### PROBLEM REQUIREMENTS:
Please retype exactly the lines from the one containing "This sophisticated piece" through the end of the records, leaving out the pictures.

Extracted records:
━━━━━━

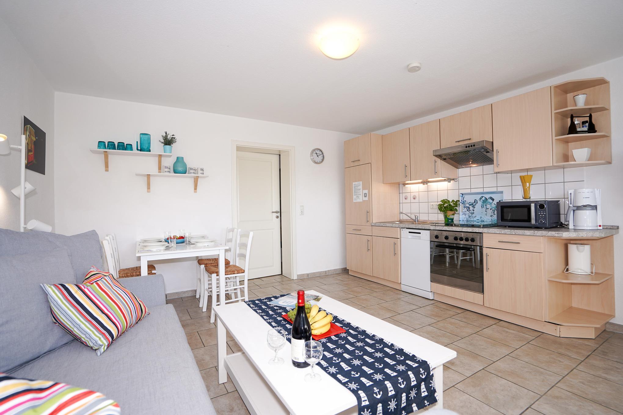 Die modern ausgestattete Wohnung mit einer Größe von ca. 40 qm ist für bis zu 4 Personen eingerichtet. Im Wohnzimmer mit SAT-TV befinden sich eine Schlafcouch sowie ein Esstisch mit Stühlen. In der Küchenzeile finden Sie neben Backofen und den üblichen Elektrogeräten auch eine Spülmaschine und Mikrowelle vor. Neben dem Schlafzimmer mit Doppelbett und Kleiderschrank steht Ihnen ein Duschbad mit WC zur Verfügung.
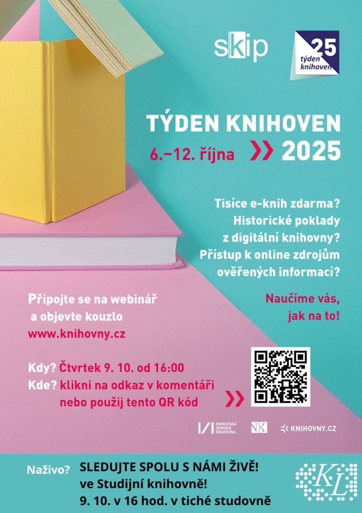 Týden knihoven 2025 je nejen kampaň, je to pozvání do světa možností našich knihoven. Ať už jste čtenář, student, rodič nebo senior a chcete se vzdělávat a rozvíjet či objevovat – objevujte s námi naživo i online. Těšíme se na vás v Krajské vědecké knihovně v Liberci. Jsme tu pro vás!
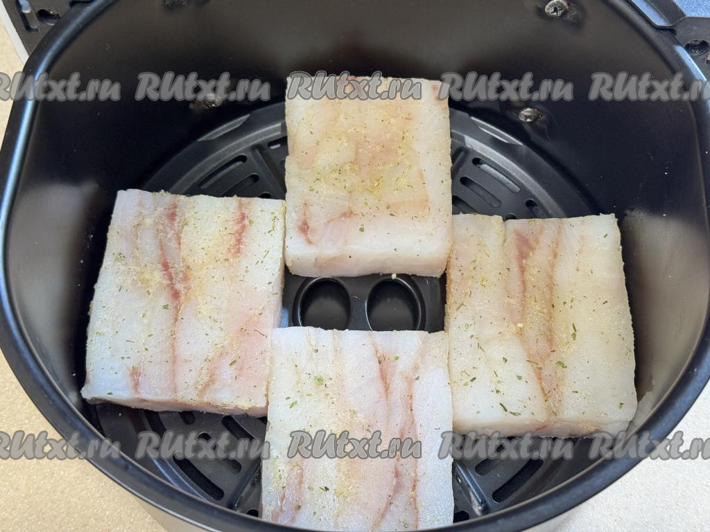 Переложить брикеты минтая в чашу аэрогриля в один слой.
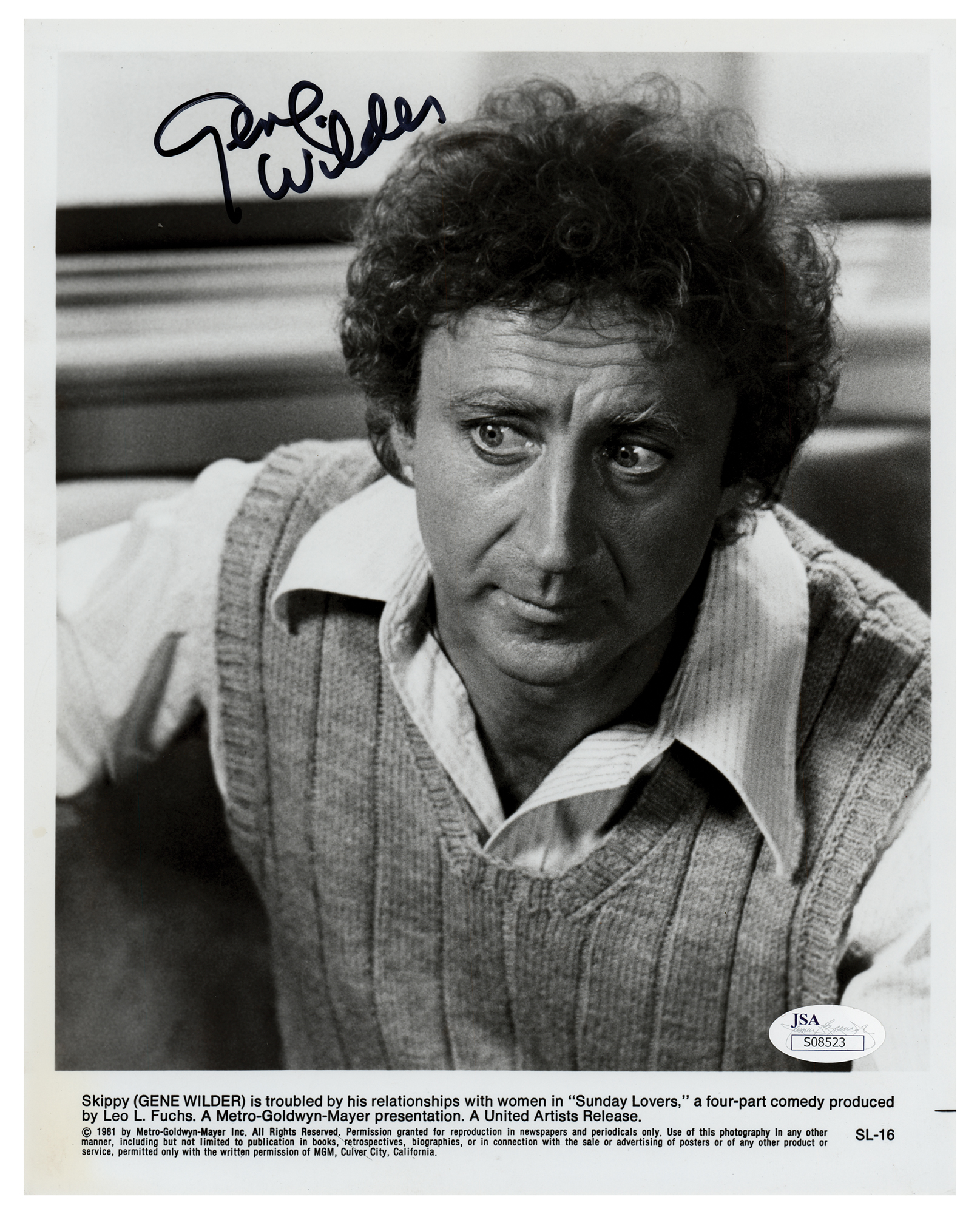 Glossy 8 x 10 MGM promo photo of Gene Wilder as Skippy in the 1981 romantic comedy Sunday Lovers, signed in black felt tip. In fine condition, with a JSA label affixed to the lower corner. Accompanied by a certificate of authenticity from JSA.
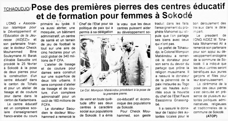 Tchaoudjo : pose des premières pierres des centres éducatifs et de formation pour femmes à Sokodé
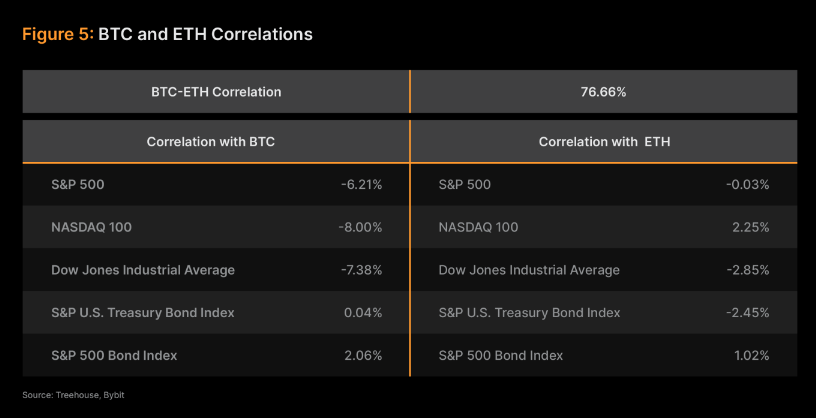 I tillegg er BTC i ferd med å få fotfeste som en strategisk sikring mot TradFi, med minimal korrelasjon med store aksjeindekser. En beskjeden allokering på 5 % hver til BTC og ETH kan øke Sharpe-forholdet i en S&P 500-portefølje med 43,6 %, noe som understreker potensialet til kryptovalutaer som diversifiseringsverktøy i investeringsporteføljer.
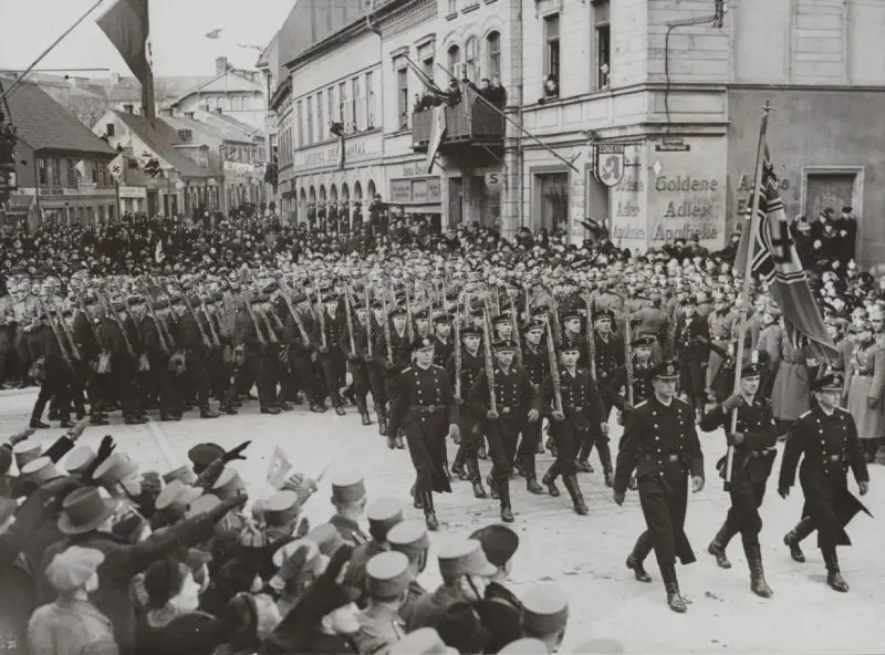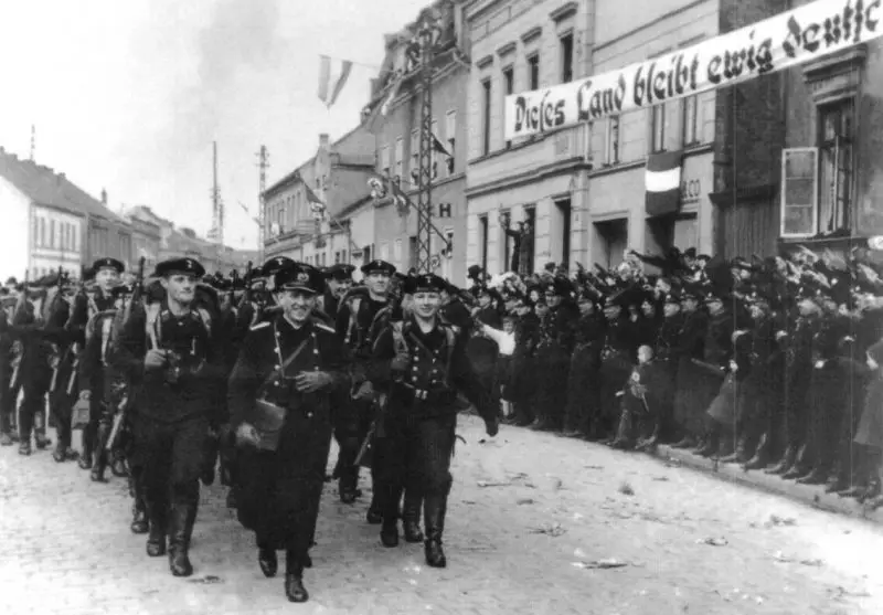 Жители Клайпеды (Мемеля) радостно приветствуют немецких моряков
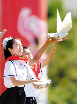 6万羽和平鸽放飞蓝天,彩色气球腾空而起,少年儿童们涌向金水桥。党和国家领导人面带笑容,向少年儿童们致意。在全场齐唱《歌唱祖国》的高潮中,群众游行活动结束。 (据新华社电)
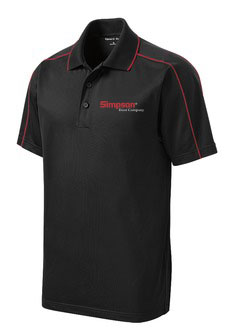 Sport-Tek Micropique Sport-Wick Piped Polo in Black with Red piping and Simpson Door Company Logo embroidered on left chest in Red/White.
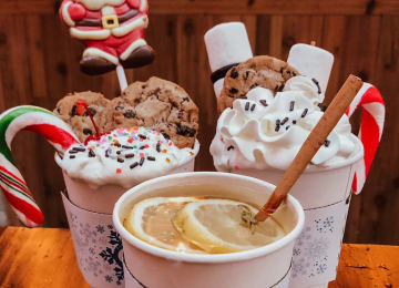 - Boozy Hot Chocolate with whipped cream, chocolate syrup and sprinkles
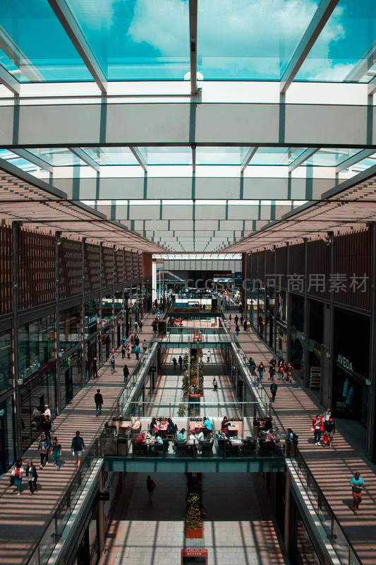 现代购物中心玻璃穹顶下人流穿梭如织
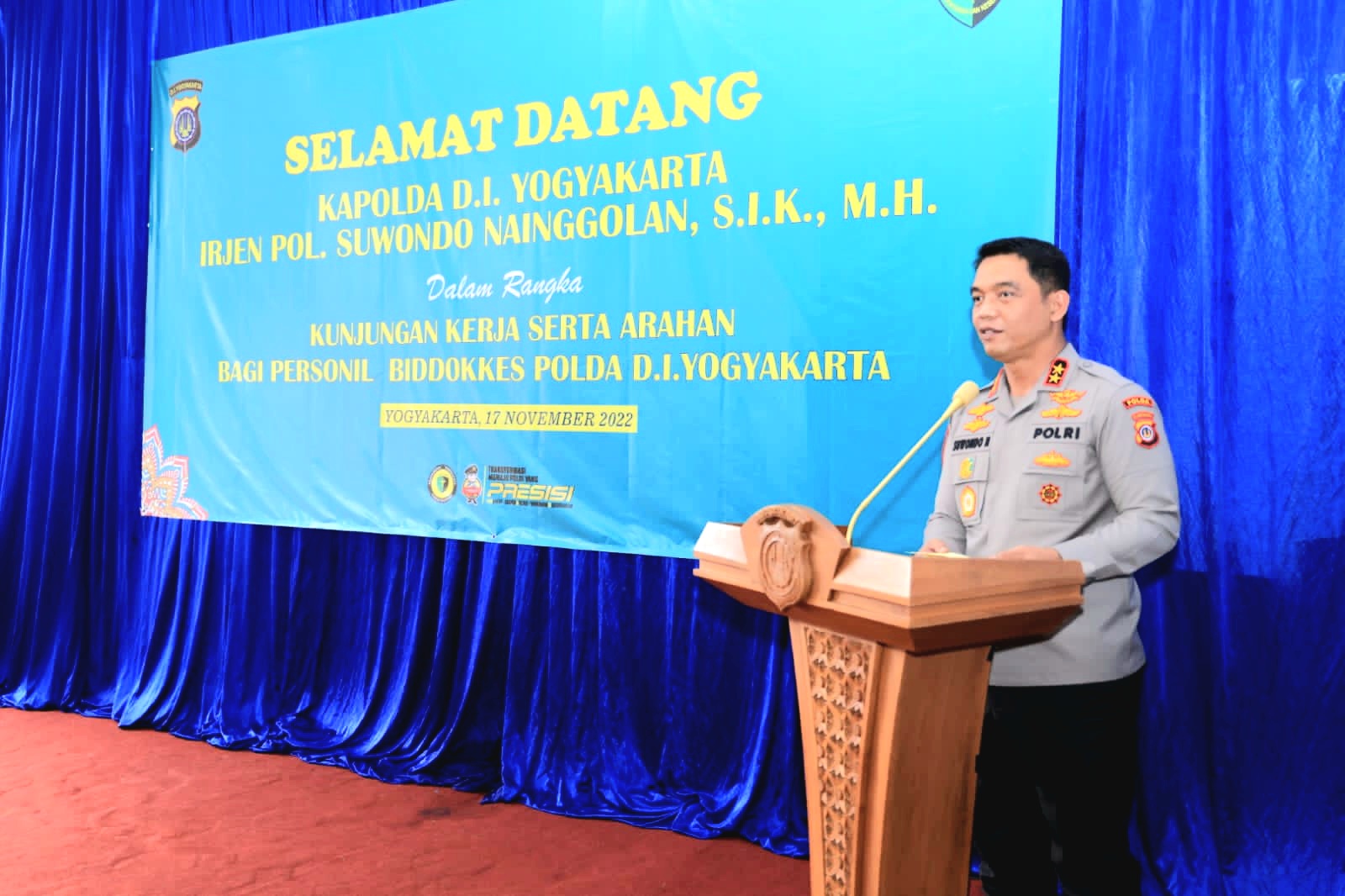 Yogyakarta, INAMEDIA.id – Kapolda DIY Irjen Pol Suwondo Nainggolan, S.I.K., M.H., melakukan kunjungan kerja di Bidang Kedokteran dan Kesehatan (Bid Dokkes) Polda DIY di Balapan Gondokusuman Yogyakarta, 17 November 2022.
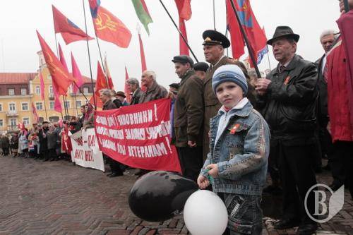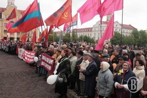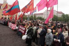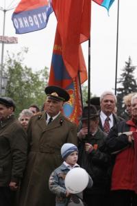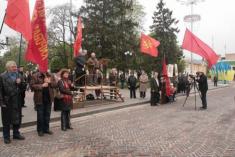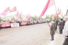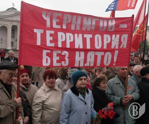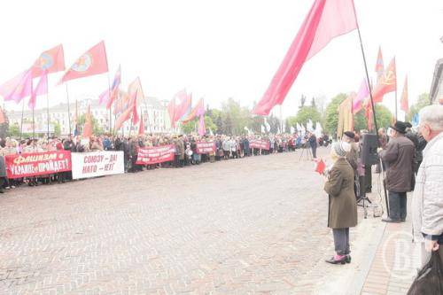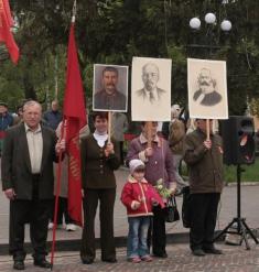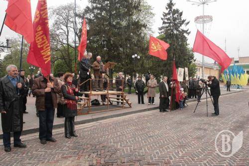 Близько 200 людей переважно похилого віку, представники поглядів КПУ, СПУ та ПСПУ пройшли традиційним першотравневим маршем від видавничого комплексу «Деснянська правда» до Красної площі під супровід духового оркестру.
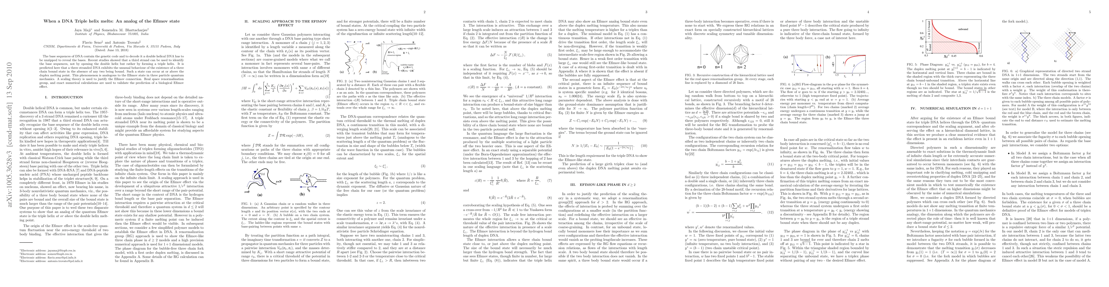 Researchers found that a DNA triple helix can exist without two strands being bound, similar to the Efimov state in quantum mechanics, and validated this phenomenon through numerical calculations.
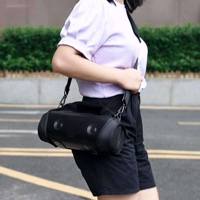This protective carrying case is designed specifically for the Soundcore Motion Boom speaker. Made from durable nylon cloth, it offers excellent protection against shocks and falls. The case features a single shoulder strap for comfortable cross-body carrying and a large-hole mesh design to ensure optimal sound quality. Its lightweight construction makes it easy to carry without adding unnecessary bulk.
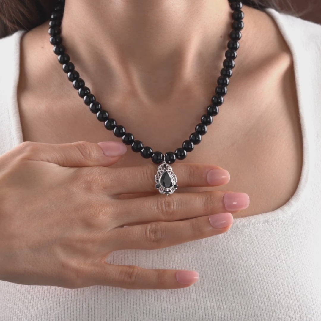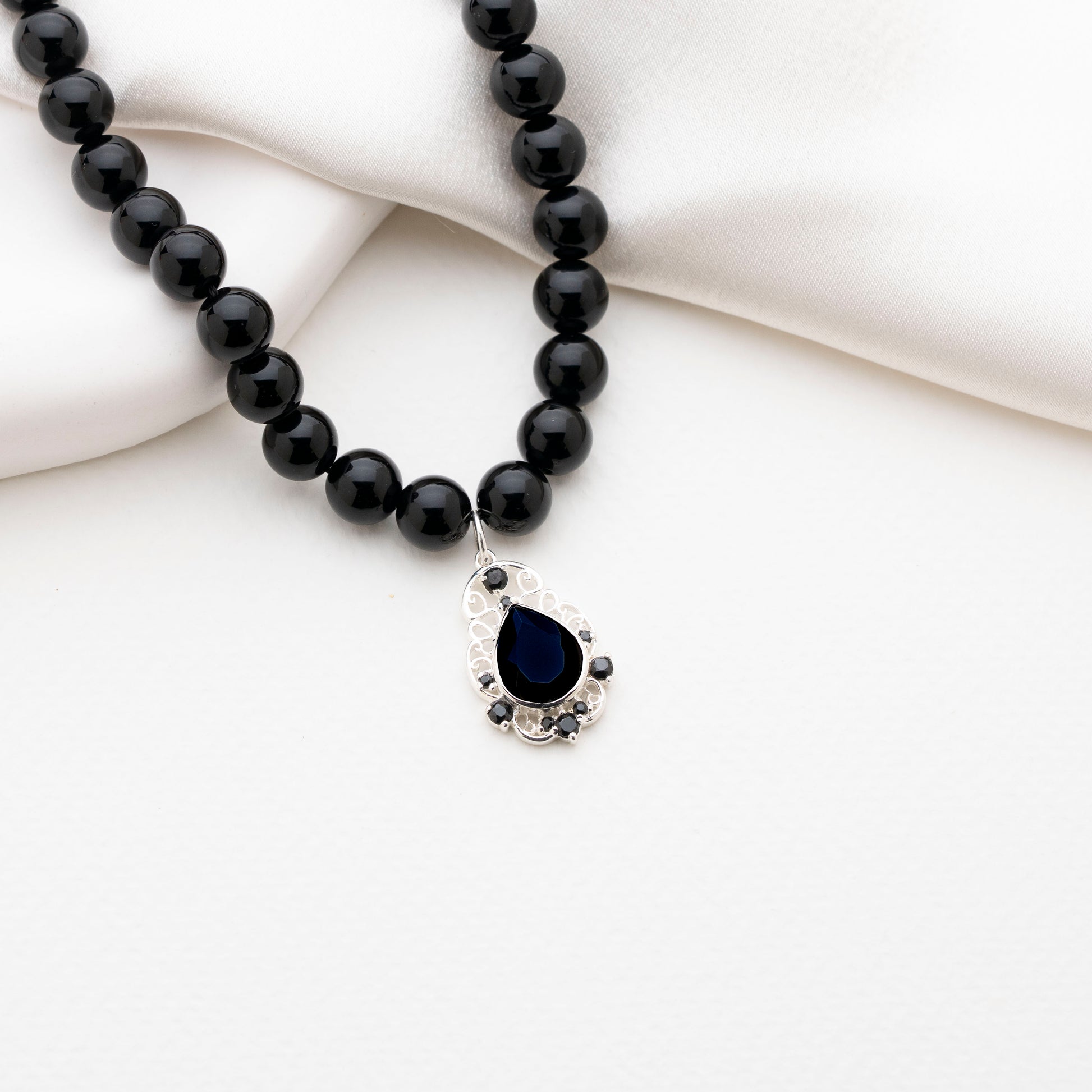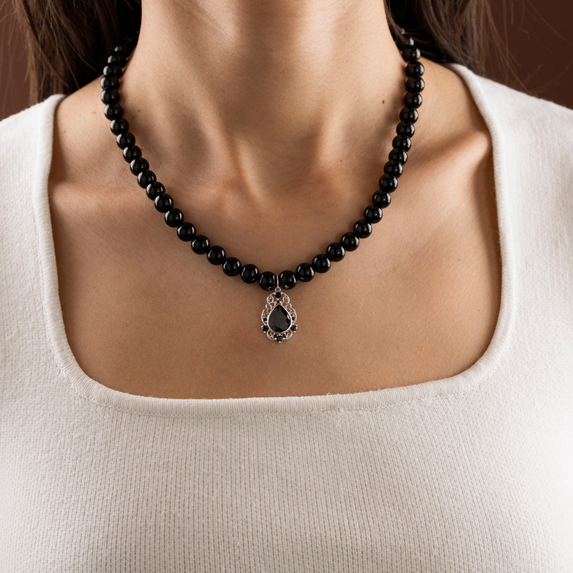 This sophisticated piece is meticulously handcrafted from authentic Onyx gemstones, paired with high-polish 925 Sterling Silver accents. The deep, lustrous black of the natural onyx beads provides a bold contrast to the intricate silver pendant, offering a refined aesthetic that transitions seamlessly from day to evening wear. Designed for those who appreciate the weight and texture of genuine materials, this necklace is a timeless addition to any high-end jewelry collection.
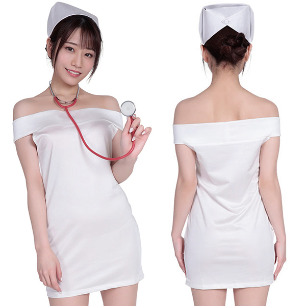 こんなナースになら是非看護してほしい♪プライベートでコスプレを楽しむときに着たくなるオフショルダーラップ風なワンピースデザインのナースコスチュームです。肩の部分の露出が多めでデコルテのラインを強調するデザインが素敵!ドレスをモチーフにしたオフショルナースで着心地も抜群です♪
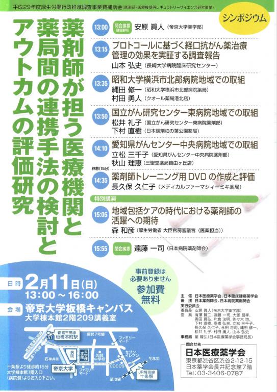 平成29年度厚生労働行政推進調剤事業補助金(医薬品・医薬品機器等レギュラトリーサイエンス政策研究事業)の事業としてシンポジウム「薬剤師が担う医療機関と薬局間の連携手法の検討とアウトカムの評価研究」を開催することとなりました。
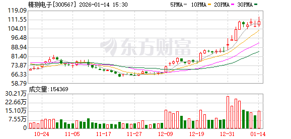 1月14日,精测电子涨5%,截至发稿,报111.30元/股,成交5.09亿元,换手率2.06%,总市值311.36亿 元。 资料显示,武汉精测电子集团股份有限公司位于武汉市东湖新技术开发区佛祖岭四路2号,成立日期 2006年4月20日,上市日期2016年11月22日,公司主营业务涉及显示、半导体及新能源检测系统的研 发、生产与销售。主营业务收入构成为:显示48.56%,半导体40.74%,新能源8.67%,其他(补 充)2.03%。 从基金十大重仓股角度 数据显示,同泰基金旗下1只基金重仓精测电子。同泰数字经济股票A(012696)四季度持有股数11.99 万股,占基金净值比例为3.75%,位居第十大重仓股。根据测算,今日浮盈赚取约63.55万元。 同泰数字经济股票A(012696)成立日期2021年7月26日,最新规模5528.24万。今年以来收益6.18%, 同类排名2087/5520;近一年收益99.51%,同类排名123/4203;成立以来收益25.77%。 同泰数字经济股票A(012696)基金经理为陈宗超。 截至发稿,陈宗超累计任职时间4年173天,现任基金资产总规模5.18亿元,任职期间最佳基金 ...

━━━━━━

### ANSWER BELOW:
 This sophisticated piece is meticulously handcrafted from authentic Onyx gemstones, paired with high-polish 925 Sterling Silver accents. The deep, lustrous black of the natural onyx beads provides a bold contrast to the intricate silver pendant, offering a refined aesthetic that transitions seamlessly from day to evening wear. Designed for those who appreciate the weight and texture of genuine materials, this necklace is a timeless addition to any high-end jewelry collection.
 こんなナースになら是非看護してほしい♪プライベートでコスプレを楽しむときに着たくなるオフショルダーラップ風なワンピースデザインのナースコスチュームです。肩の部分の露出が多めでデコルテのラインを強調するデザインが素敵!ドレスをモチーフにしたオフショルナースで着心地も抜群です♪
 平成29年度厚生労働行政推進調剤事業補助金(医薬品・医薬品機器等レギュラトリーサイエンス政策研究事業)の事業としてシンポジウム「薬剤師が担う医療機関と薬局間の連携手法の検討とアウトカムの評価研究」を開催することとなりました。
 1月14日,精测电子涨5%,截至发稿,报111.30元/股,成交5.09亿元,换手率2.06%,总市值311.36亿 元。 资料显示,武汉精测电子集团股份有限公司位于武汉市东湖新技术开发区佛祖岭四路2号,成立日期 2006年4月20日,上市日期2016年11月22日,公司主营业务涉及显示、半导体及新能源检测系统的研 发、生产与销售。主营业务收入构成为:显示48.56%,半导体40.74%,新能源8.67%,其他(补 充)2.03%。 从基金十大重仓股角度 数据显示,同泰基金旗下1只基金重仓精测电子。同泰数字经济股票A(012696)四季度持有股数11.99 万股,占基金净值比例为3.75%,位居第十大重仓股。根据测算,今日浮盈赚取约63.55万元。 同泰数字经济股票A(012696)成立日期2021年7月26日,最新规模5528.24万。今年以来收益6.18%, 同类排名2087/5520;近一年收益99.51%,同类排名123/4203;成立以来收益25.77%。 同泰数字经济股票A(012696)基金经理为陈宗超。 截至发稿,陈宗超累计任职时间4年173天,现任基金资产总规模5.18亿元,任职期间最佳基金 ...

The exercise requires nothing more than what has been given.